Presently, most regions of QTP are using a two-season transhumance stocking system21. Pastures have been allocated to individual households, and livestock are grazed within the contracted and fenced household pasture parcels. Herders graze their stock on mountain slopes in the warm-season and the valleys for the cold-season21, but the distance of seasonal livestock migration has been limited22, mostly within township administrative boundaries. Such a livestock system has been the result of a set of government policies since the 1980s. Since 1985, the Chinese government has gradually implemented and established the Household Contract Responsibility System in pastoral areas23, and proposed a strategy for herders to develop from nomadic to a sedentary and semi-sedentary rotation system. Each herder household was allocated a certain area of natural pastures according to household size.
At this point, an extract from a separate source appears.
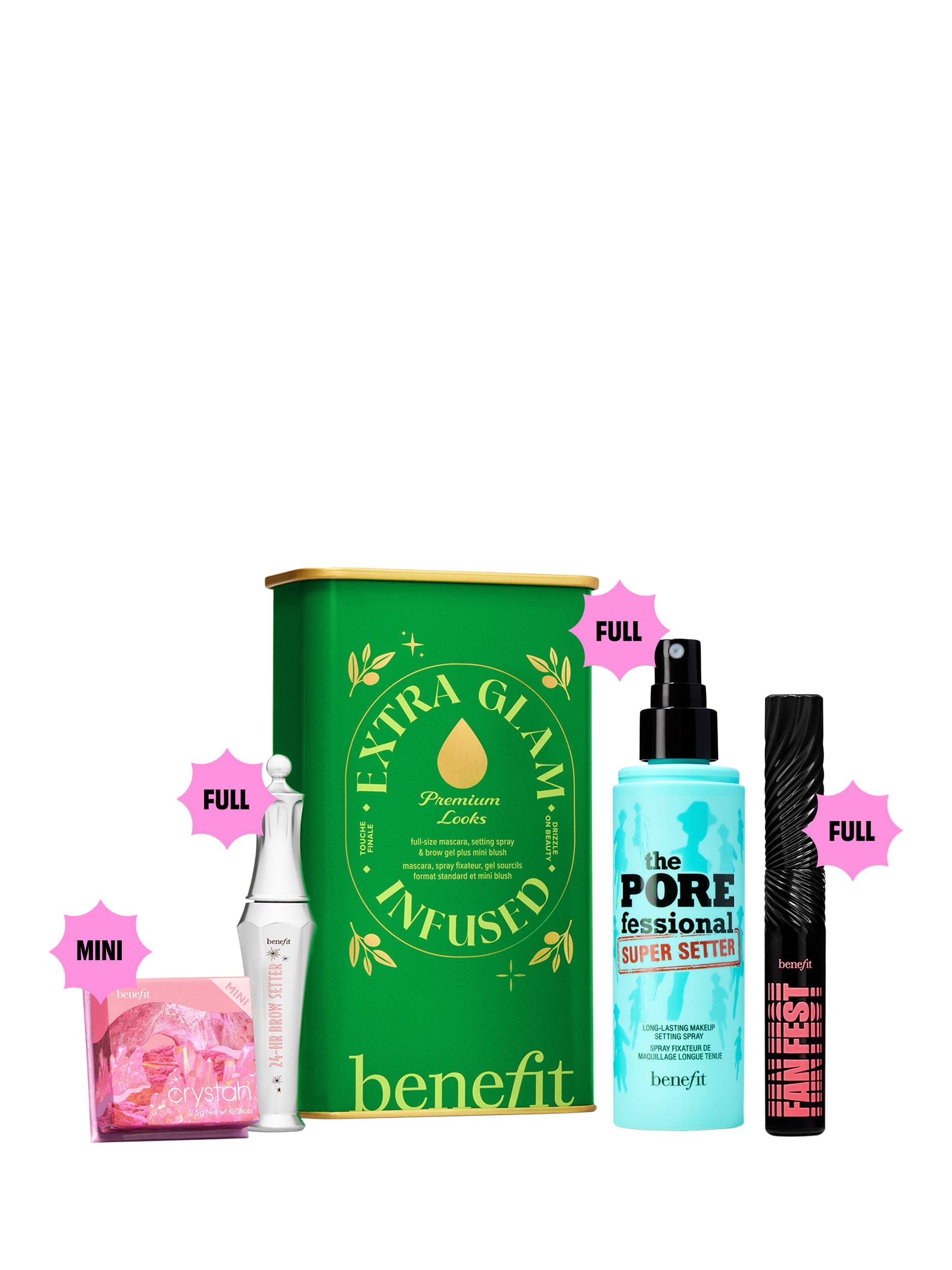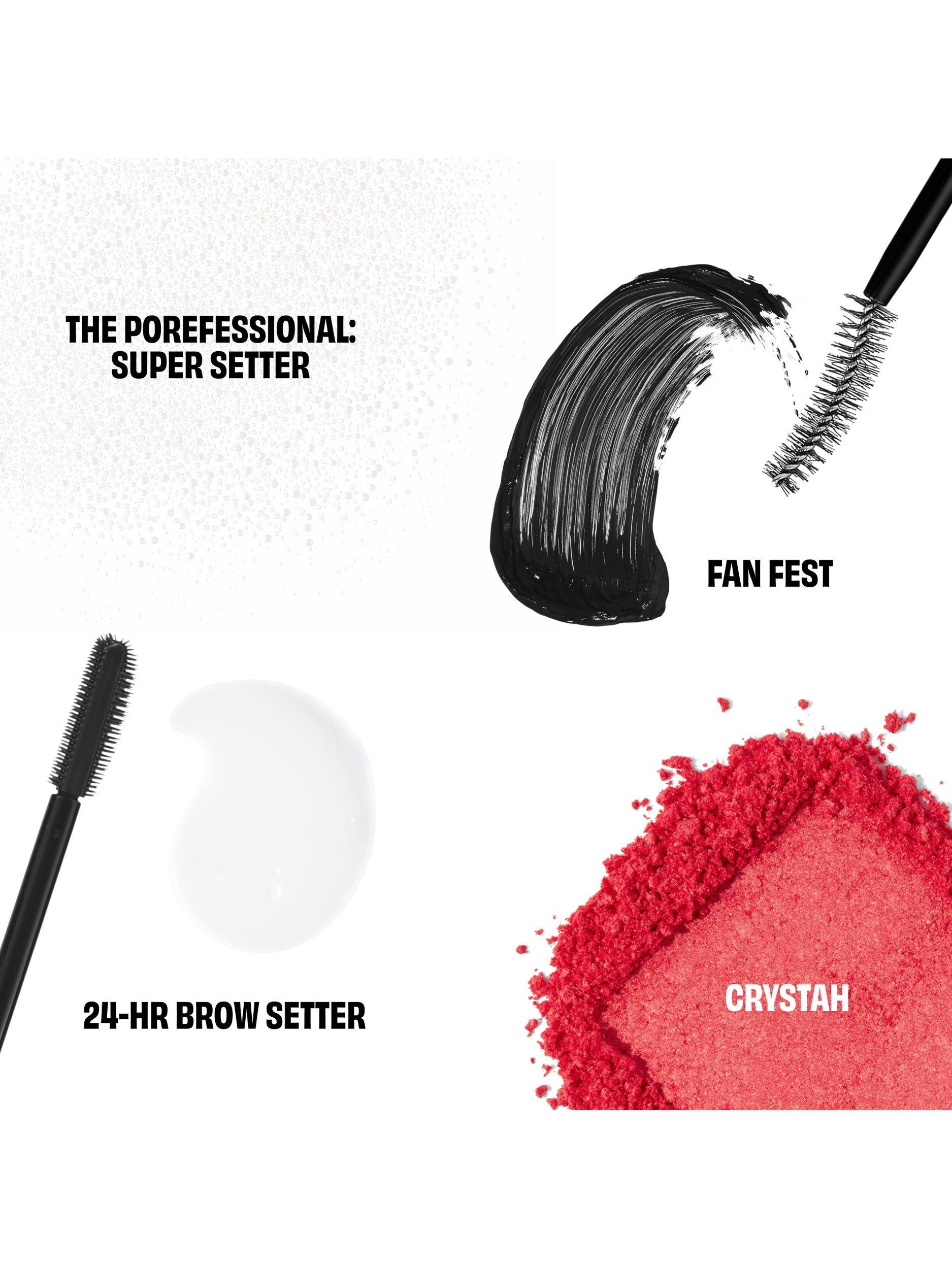Full-size Fan Fest Mascara, The POREfessional Setting Spray, 24-hour Brow Setting Gel and Crystah Mini Blush.

Since the 1990s, seasonal pasture contracting was implemented in pastoral areas to further improve the responsibility system23. As pasture degradation threatened the livelihoods of residents and wildlife habitats on this plateau, the government has launched a series of ecological restoration projects and economic compensatory payment policies since 2004, and many fences have been constructed on degraded pastures to prevent new degradation24. This has further altered the distribution of grassland used as pastures.

Early studies on the mapping of livestock distribution were conducted at small spatial scales using direct livestock detection techniques based on moderate and high-resolution satellite imagery, either automatically or semi-automatically25,26. The Food and Agriculture Organization of the United Nations (FAO) proposed an approach to estimate livestock numbers within large spatial extents. Initially, stratified multiple regressions were used for linking observed livestock densities to predictors to develop the gridded livestock of the world database, GLW 2007 and GLW2 (in 2014), respectively27. Multiple linear regressions have also been used to identify the relationship between livestock numbers and predictors in modeling the spatial distribution of European livestock with a spatial resolution of 1 km28. With advances in machine learning, random forest algorithms were used to map a global 10-km livestock distribution more accurately than the previous dataset generated by multivariate regression methods29. In spite of the progress in modeling techniques, few studies have derived seasonal livestock distribution. Seasonal movement or transhumance is typical for nomadic or semi-sedentary livestock systems in many livestock systems around the world, to fully use environmental resources according to the seasonality of climatic conditions and grassland productivity5,30,31. Failing to consider seasonality in livestock distribution could bring large uncertainty in livestock system centered environmental impact or feedback analysis.

Presently, a couple of livestock distribution datasets could be useful for studies over the QTP. For instance, the GLW2 and GLW3 could be used, but suffered from coarse spatial resolution and modeling accuracy due to the lack of finer-scale local data. With support of the local data, Ye et al. (2019) generated a 10-km gridded carrying capacity map that approximates actual livestock distribution according to the Forage-livestock Balance Management Approach32. Li et al. (2021) produced a gridded livestock projection for western China with a 1 km spatial resolution by using machine learning algorithm33. However, these datasets don’t limit potential grazing land, nor consider seasonal livestock movement, and thus cannot reflect livestock distribution on actual seasonal pastures34.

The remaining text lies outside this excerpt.